··· TASK INPUT

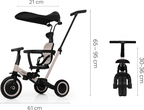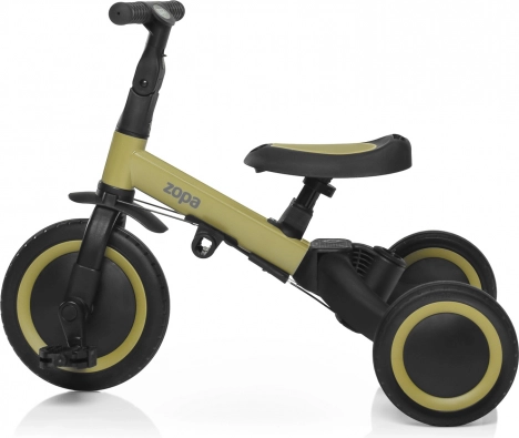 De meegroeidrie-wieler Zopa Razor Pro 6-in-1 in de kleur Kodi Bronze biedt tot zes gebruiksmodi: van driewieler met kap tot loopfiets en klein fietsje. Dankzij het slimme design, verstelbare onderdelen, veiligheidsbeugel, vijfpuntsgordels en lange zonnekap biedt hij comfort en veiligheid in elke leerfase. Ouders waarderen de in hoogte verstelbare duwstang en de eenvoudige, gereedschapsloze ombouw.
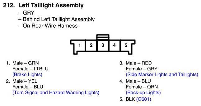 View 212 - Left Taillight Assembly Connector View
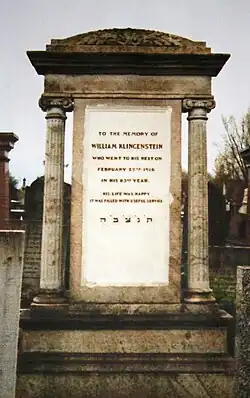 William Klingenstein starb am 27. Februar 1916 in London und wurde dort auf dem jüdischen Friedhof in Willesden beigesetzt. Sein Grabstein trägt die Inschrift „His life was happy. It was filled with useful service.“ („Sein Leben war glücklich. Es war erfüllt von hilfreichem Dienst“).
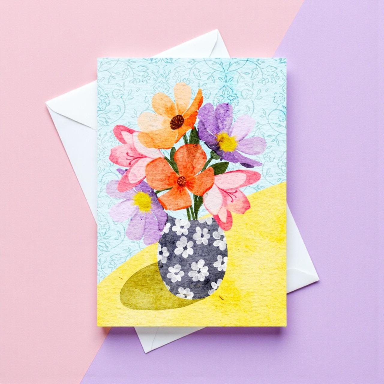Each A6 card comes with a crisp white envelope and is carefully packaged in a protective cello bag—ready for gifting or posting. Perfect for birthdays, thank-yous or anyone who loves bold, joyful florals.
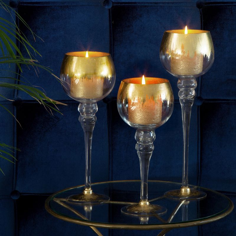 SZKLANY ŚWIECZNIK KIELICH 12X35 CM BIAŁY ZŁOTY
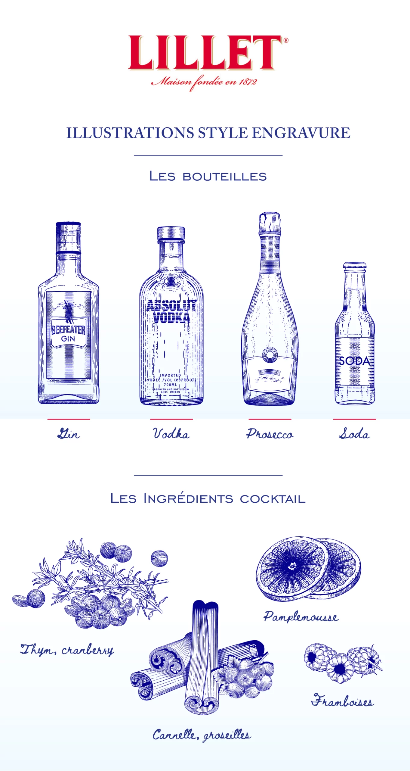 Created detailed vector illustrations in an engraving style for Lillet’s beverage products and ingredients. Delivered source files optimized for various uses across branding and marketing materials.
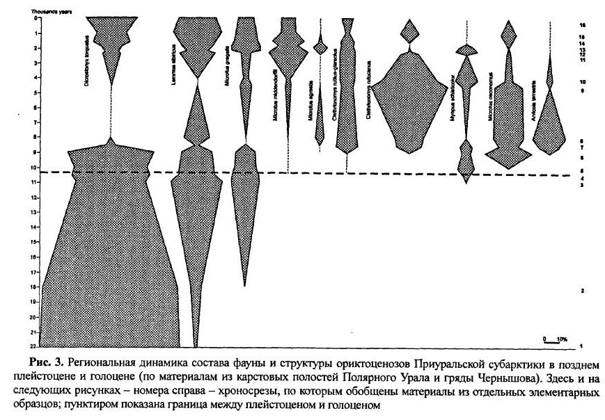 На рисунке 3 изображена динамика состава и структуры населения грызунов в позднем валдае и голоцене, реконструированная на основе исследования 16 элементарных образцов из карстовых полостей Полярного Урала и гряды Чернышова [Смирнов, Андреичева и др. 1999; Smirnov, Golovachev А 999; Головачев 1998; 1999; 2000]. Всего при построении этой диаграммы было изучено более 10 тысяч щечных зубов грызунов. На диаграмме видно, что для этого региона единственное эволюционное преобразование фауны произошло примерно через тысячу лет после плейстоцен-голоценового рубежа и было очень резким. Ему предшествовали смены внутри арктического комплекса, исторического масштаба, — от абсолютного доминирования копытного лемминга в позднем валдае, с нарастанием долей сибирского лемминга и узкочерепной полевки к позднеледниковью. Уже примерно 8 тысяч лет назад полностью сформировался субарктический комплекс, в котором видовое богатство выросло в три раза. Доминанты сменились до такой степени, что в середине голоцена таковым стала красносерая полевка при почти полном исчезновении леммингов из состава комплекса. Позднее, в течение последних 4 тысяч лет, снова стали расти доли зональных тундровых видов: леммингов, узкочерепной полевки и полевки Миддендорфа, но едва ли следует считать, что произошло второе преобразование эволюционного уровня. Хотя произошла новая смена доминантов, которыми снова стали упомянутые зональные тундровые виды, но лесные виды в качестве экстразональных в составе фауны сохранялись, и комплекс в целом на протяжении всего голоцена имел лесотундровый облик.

······

[DESCRIPTION OF THE TASK]
Starting at the line containing "View 212 - Left" and stopping at the line containing "Created detailed vector", output each line exactly as it appears above. Leave out the pictures.

[RESPONSE TO THE EXERCISE]
 View 212 - Left Taillight Assembly Connector View
 William Klingenstein starb am 27. Februar 1916 in London und wurde dort auf dem jüdischen Friedhof in Willesden beigesetzt. Sein Grabstein trägt die Inschrift „His life was happy. It was filled with useful service.“ („Sein Leben war glücklich. Es war erfüllt von hilfreichem Dienst“).
Each A6 card comes with a crisp white envelope and is carefully packaged in a protective cello bag—ready for gifting or posting. Perfect for birthdays, thank-yous or anyone who loves bold, joyful florals.
 SZKLANY ŚWIECZNIK KIELICH 12X35 CM BIAŁY ZŁOTY
 Created detailed vector illustrations in an engraving style for Lillet’s beverage products and ingredients. Delivered source files optimized for various uses across branding and marketing materials.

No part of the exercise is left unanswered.